Alerta alimentaria en Bogotá: cultivos regados con agua contaminada del río representan riesgo para la salud
Un estudio reciente ha evidenciado fallas críticas en la cadena de producción de alimentos en Bogotá y sus alrededores, específicamente en cultivos que son irrigados con agua del río Bogotá. Los hallazgos muestran cómo esta práctica representa una amenaza directa para la seguridad alimentaria de los habitantes de la capital, especialmente cuando no se realiza una desinfección adecuada durante la preparación o consumo de estos productos agrícolas.
Riesgos asociados a la contaminación del agua
La investigación determinó que el agua del río Bogotá, utilizada para el riego en ciertas zonas de producción agrícola, contiene contaminantes que pueden transferirse a los cultivos. Esto incluye vegetales, hortalizas y otros alimentos que llegan directamente a los hogares bogotanos. La situación se agrava cuando estos productos no reciben un lavado y desinfección apropiados antes de su consumo, aumentando el riesgo de enfermedades transmitidas por alimentos.
Recomendaciones para el lavado seguro de alimentos
Ante estos hallazgos, los expertos insisten en la importancia de implementar prácticas de higiene alimentaria estrictas. Para minimizar los riesgos, se recomienda:
- Lavar minuciosamente todos los vegetales y frutas bajo agua corriente.
- Utilizar desinfectantes alimentarios aprobados para eliminar posibles contaminantes.

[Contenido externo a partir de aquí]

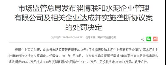 據(jù)了解,今年2月9日國(guó)家市場(chǎng)監(jiān)督管理總局反壟斷局發(fā)布淄博聯(lián)合水泥企業(yè)管理有限公司及相關(guān)企業(yè)達(dá)成并實(shí)施壟斷協(xié)議案的處罰決定。2021年1月28日,山東省市場(chǎng)監(jiān)督管理局對(duì)8家涉案當(dāng)事人依法作出沒(méi)收違法所得8657.2萬(wàn)元并處2018年度銷(xiāo)售額2%的罰款計(jì)14172.3萬(wàn)元,罰沒(méi)款共計(jì)22829.5萬(wàn)元。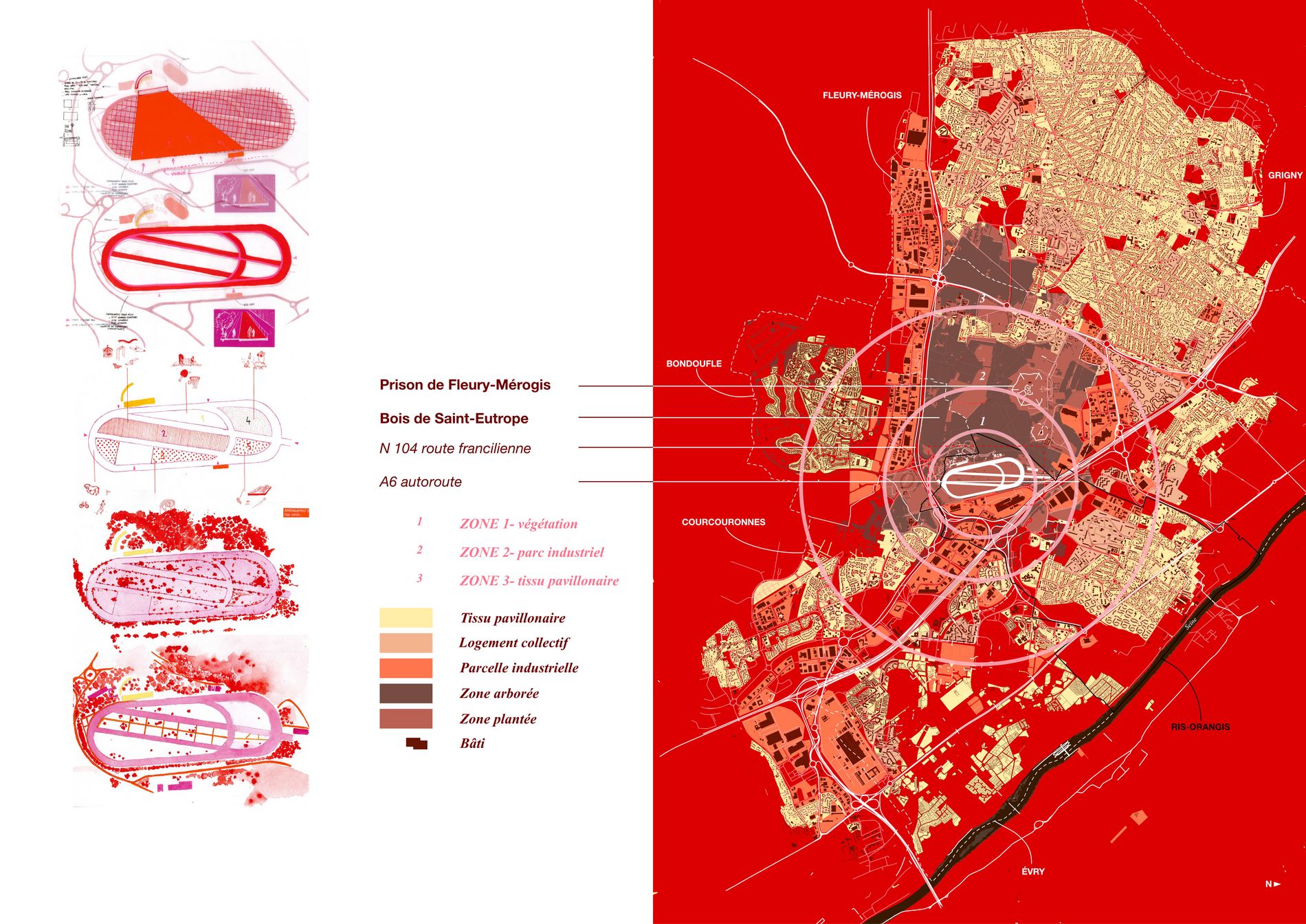 L’hippodrome de Ris-Orangis (23 ha, plus grand que l’île de la Cité) se situe en marge de la commune, entre bois, zones industrielles et quartiers résidentiels. Malgré l’A6, la N104, le RER D et le T12, il reste isolé et peu visible, ce qui en fait un enjeu d’accessibilité.

- Frotar las superficies de los productos, especialmente aquellos que se consumen crudos.
- Secar adecuadamente los alimentos después del lavado para evitar la proliferación de microorganismos.
Estas medidas son particularmente cruciales para productos provenientes de zonas identificadas como de mayor riesgo por el estudio.
Impacto en la seguridad alimentaria regional
La situación pone en evidencia vulnerabilidades en el sistema de producción y distribución de alimentos en la región bogotana. La dependencia de fuentes de agua contaminada para el riego agrícola no solo afecta la calidad de los productos, sino que compromete la seguridad alimentaria de miles de familias que consumen estos alimentos regularmente. Los investigadores alertan sobre la necesidad de implementar controles más estrictos en toda la cadena de suministro, desde la producción hasta el punto de venta.
El estudio concluye que, sin intervenciones adecuadas, estos riesgos podrían escalar, afectando no solo la salud pública sino también la confianza en los productos agrícolas locales. Se hace un llamado a autoridades sanitarias y productores para trabajar en soluciones integrales que garanticen alimentos seguros para toda la población.